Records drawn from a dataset
********

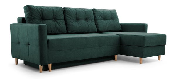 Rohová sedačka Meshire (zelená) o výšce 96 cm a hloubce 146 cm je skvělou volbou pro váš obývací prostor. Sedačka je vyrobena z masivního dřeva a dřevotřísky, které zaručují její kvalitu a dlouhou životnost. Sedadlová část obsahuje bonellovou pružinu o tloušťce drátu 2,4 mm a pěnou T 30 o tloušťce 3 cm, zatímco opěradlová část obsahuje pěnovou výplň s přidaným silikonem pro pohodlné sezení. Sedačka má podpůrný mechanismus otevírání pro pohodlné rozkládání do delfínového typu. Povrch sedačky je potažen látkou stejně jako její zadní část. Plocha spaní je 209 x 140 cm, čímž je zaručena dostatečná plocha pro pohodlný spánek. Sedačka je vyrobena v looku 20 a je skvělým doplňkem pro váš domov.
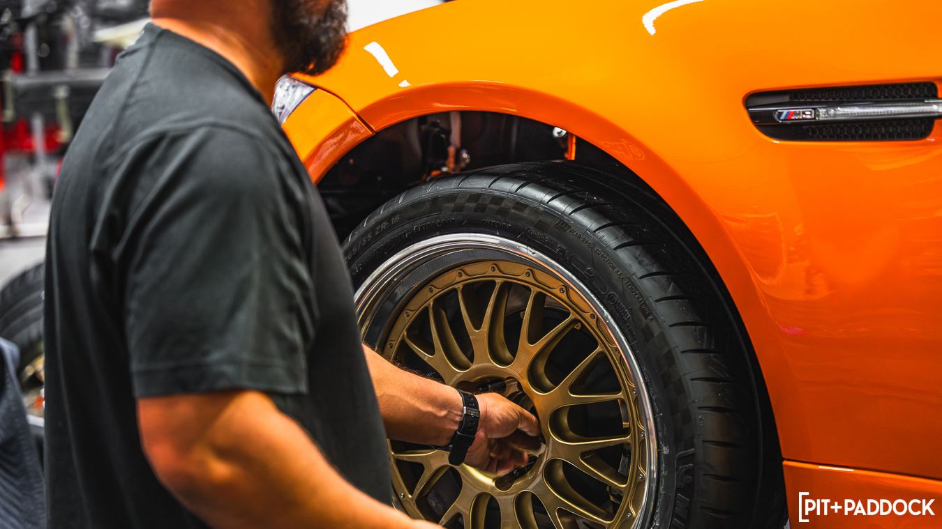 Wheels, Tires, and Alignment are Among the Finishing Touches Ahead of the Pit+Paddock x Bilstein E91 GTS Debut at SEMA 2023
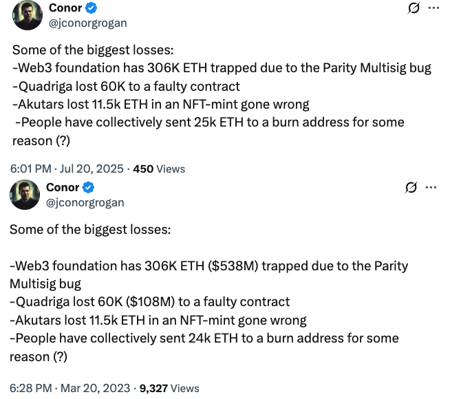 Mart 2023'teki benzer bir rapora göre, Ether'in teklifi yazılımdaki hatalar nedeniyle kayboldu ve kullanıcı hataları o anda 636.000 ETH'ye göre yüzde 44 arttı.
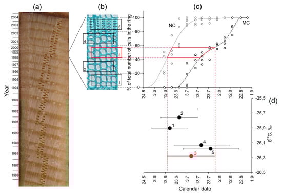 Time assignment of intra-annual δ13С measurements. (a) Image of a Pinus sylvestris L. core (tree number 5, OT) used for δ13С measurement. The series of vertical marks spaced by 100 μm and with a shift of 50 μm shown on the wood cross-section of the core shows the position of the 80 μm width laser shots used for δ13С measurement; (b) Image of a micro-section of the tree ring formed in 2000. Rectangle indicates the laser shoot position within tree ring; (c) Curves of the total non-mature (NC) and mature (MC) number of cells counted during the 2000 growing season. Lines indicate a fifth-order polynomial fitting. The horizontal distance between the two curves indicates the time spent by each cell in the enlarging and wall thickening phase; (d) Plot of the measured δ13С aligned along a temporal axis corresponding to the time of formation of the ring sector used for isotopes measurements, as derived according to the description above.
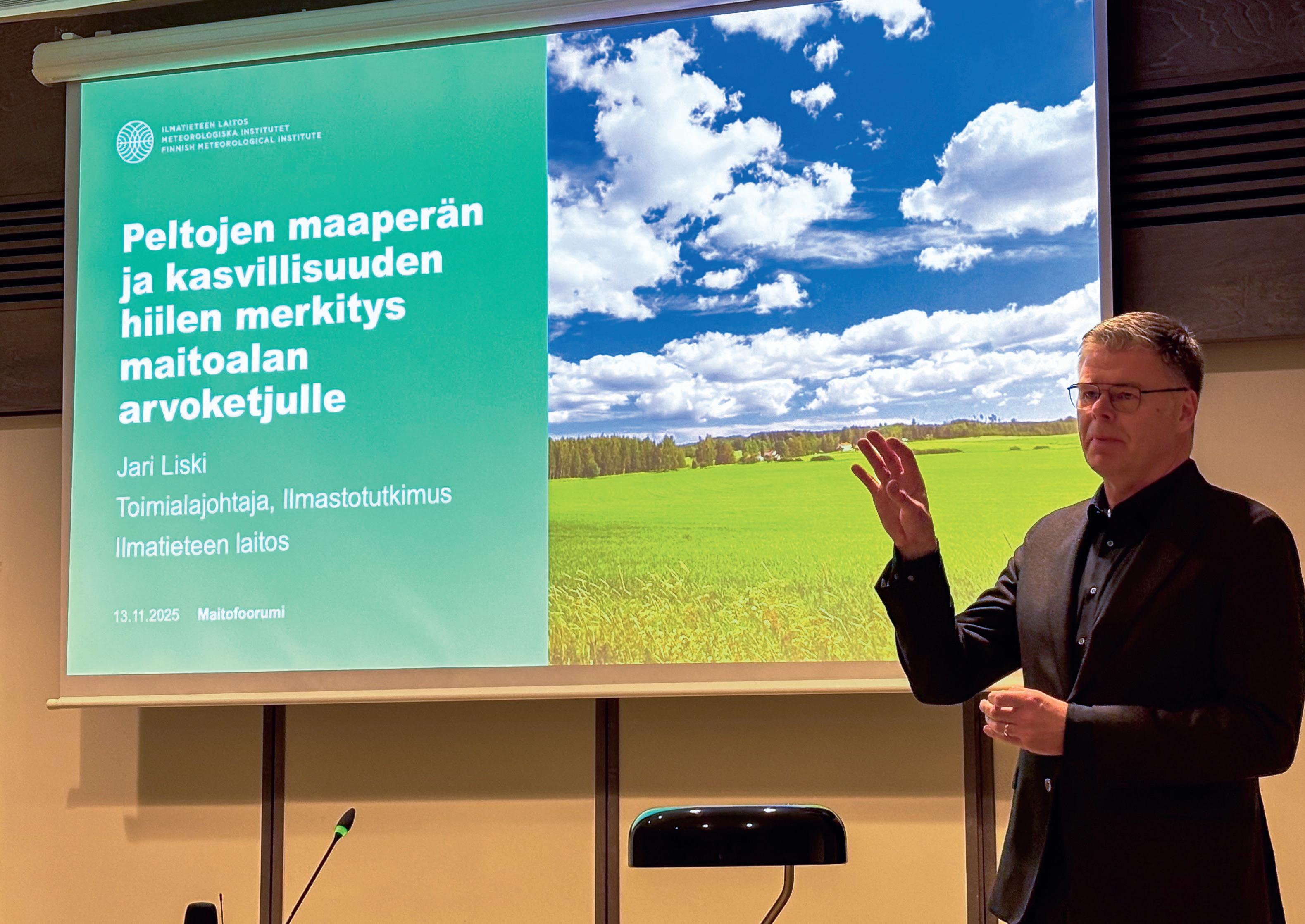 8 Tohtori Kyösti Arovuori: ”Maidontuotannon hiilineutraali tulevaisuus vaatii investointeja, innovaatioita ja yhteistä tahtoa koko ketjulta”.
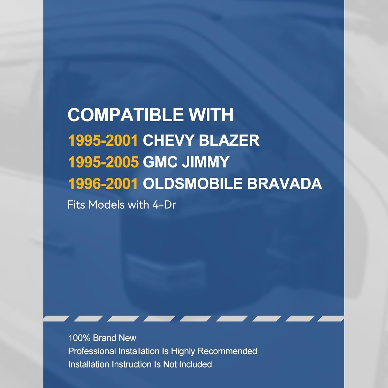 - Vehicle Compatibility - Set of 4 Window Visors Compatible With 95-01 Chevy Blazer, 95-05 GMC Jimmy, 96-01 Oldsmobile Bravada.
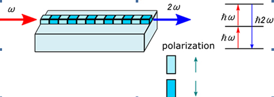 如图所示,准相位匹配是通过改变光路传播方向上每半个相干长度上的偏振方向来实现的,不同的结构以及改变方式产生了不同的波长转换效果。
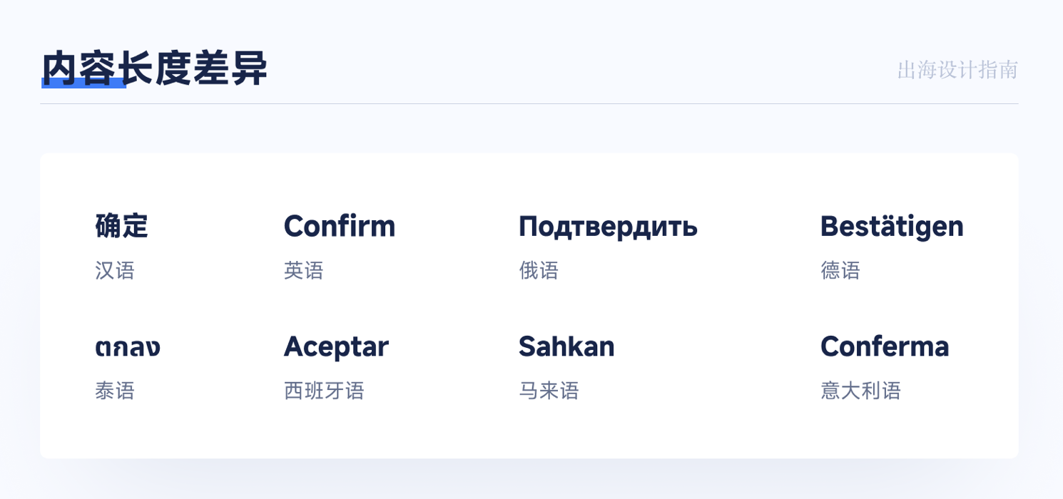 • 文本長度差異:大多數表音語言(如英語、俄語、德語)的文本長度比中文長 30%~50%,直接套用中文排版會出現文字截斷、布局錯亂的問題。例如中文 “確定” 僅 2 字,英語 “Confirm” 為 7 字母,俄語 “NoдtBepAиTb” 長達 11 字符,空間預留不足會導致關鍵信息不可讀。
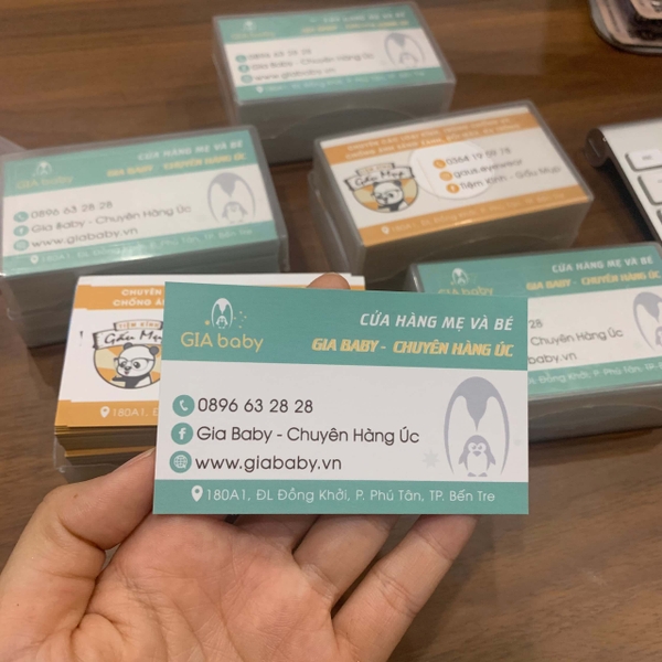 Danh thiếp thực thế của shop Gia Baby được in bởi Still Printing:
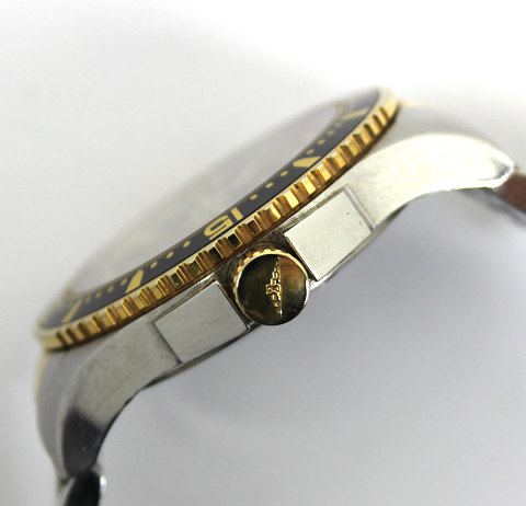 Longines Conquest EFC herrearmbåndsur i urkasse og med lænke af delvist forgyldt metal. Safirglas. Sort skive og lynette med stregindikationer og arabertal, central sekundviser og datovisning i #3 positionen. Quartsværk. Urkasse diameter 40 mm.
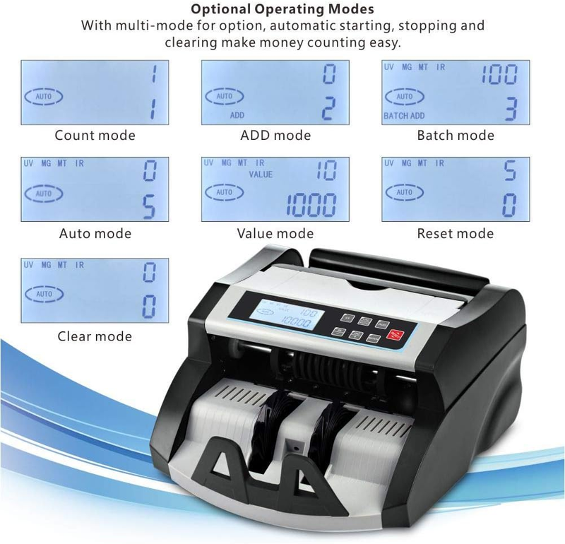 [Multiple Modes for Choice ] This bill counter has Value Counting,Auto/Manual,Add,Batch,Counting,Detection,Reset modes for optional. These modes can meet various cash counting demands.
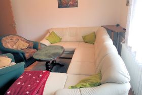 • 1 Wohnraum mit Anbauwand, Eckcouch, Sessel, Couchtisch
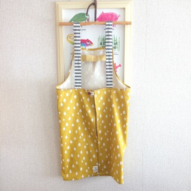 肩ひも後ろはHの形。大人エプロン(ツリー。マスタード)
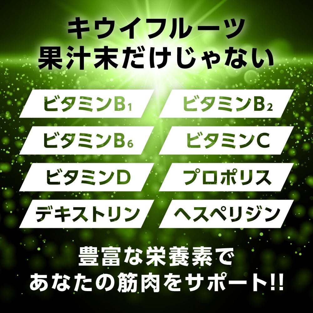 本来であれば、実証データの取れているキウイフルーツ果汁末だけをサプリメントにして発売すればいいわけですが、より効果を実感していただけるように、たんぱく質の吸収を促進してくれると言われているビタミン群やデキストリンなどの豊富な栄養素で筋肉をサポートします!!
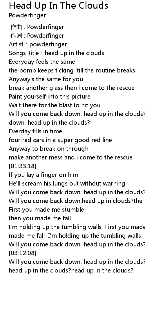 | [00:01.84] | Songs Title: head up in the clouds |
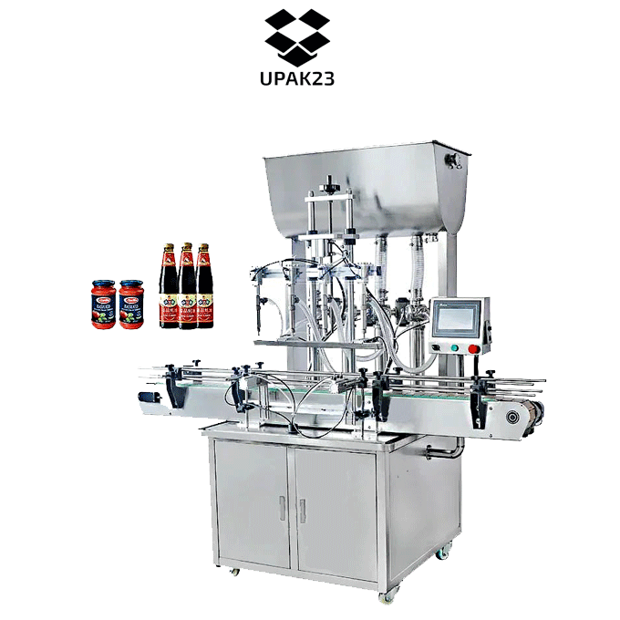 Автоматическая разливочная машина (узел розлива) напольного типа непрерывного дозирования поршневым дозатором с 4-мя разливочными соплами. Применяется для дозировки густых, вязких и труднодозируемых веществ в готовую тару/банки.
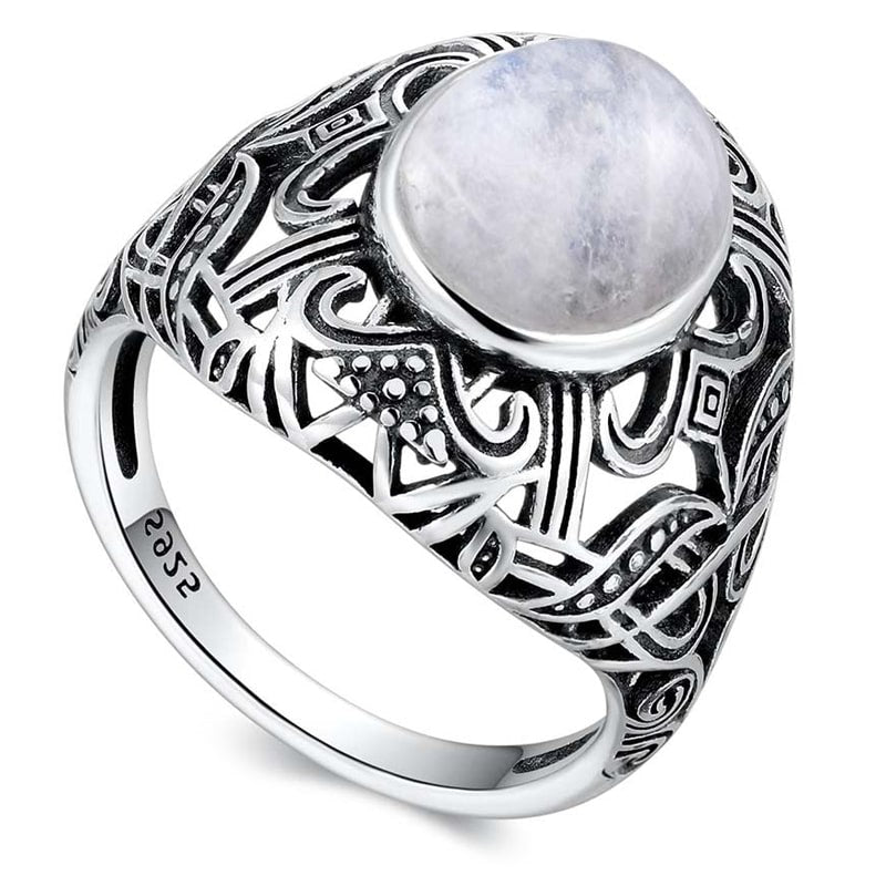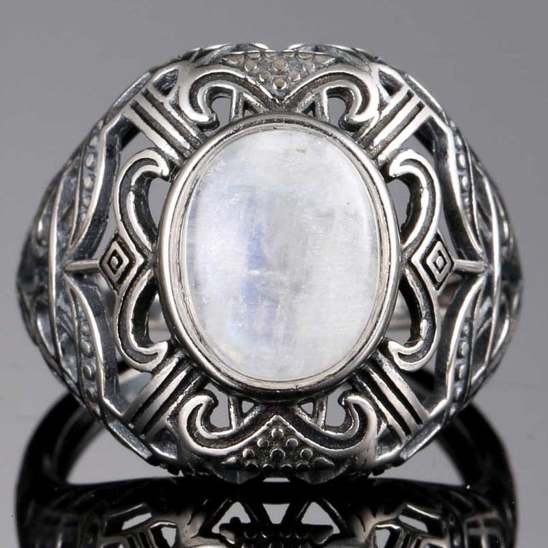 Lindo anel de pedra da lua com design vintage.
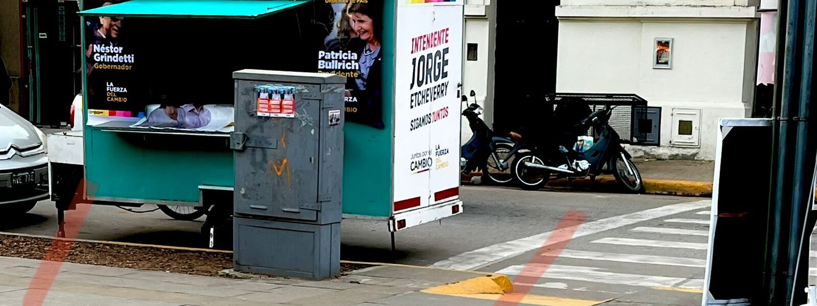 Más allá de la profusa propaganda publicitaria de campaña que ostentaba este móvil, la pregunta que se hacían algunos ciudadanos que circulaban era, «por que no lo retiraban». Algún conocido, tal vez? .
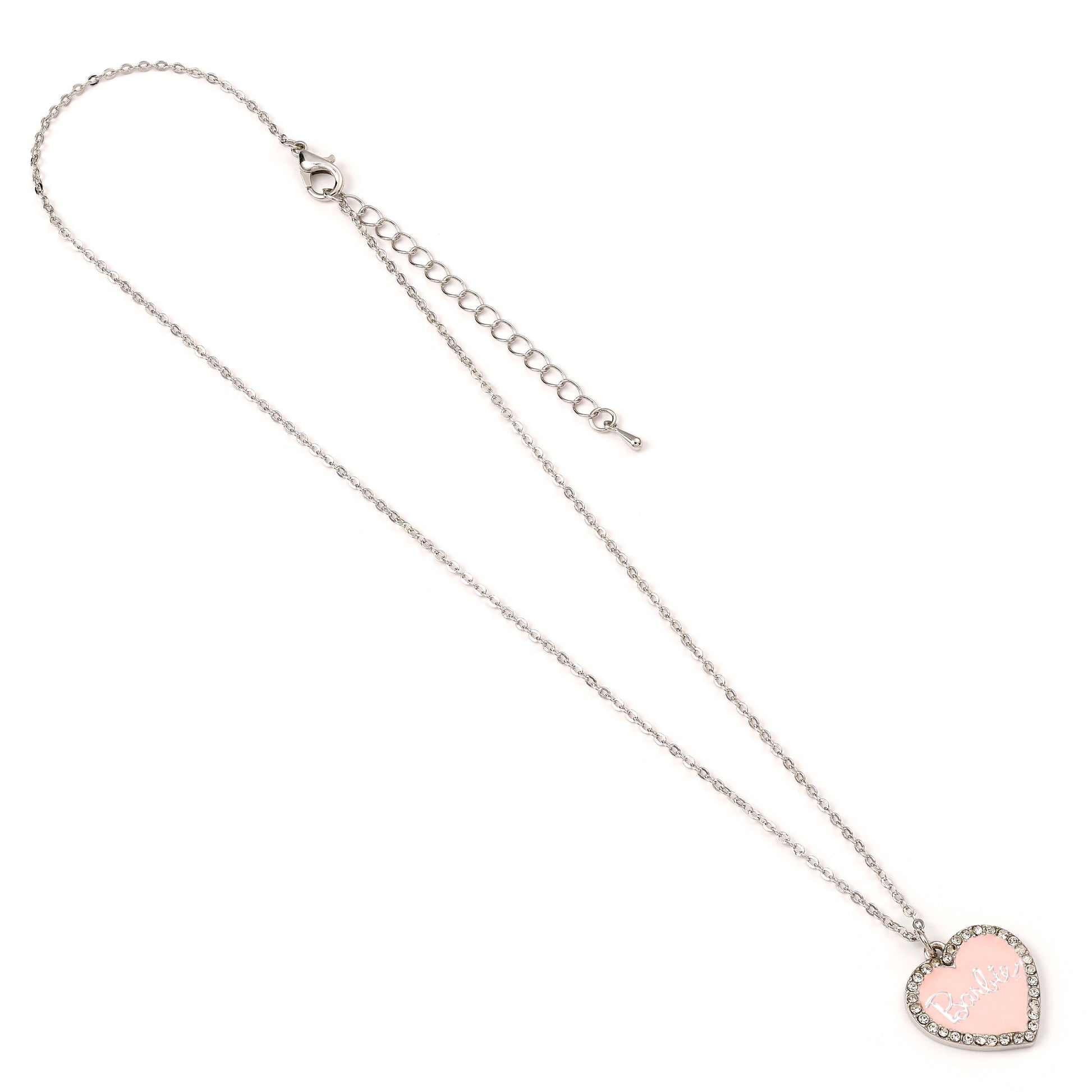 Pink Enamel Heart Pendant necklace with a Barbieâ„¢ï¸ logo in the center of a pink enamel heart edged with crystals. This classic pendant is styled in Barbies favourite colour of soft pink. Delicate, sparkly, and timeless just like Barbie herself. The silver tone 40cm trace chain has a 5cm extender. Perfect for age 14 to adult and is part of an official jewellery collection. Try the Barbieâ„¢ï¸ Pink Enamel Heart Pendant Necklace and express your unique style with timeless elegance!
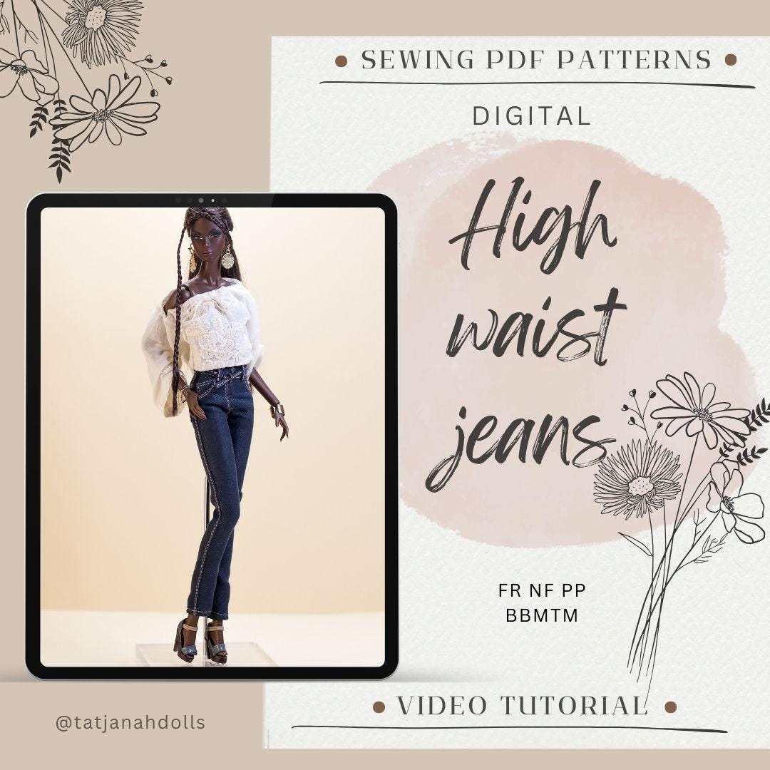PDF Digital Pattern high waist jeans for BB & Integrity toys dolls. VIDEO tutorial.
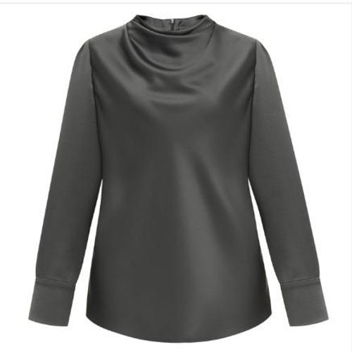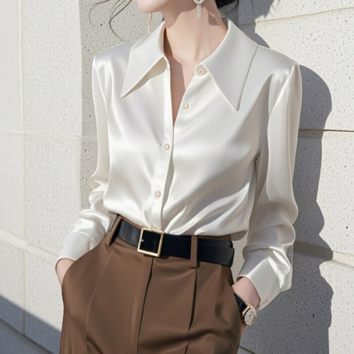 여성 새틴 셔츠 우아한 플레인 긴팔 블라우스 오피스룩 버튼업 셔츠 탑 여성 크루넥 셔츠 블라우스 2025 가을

********

> **ACTIVITY**: "Danh thiếp thực" marks the first line to copy, and "Más allá de" marks the last. Repeat that stretch above exactly, with no pictures.

> **WRITTEN REPLY**:
 Danh thiếp thực thế của shop Gia Baby được in bởi Still Printing:
 Longines Conquest EFC herrearmbåndsur i urkasse og med lænke af delvist forgyldt metal. Safirglas. Sort skive og lynette med stregindikationer og arabertal, central sekundviser og datovisning i #3 positionen. Quartsværk. Urkasse diameter 40 mm.
 [Multiple Modes for Choice ] This bill counter has Value Counting,Auto/Manual,Add,Batch,Counting,Detection,Reset modes for optional. These modes can meet various cash counting demands.
 • 1 Wohnraum mit Anbauwand, Eckcouch, Sessel, Couchtisch
 肩ひも後ろはHの形。大人エプロン(ツリー。マスタード)
 本来であれば、実証データの取れているキウイフルーツ果汁末だけをサプリメントにして発売すればいいわけですが、より効果を実感していただけるように、たんぱく質の吸収を促進してくれると言われているビタミン群やデキストリンなどの豊富な栄養素で筋肉をサポートします!!
 | [00:01.84] | Songs Title: head up in the clouds |
 Автоматическая разливочная машина (узел розлива) напольного типа непрерывного дозирования поршневым дозатором с 4-мя разливочными соплами. Применяется для дозировки густых, вязких и труднодозируемых веществ в готовую тару/банки.
 Lindo anel de pedra da lua com design vintage.
 Más allá de la profusa propaganda publicitaria de campaña que ostentaba este móvil, la pregunta que se hacían algunos ciudadanos que circulaban era, «por que no lo retiraban». Algún conocido, tal vez? .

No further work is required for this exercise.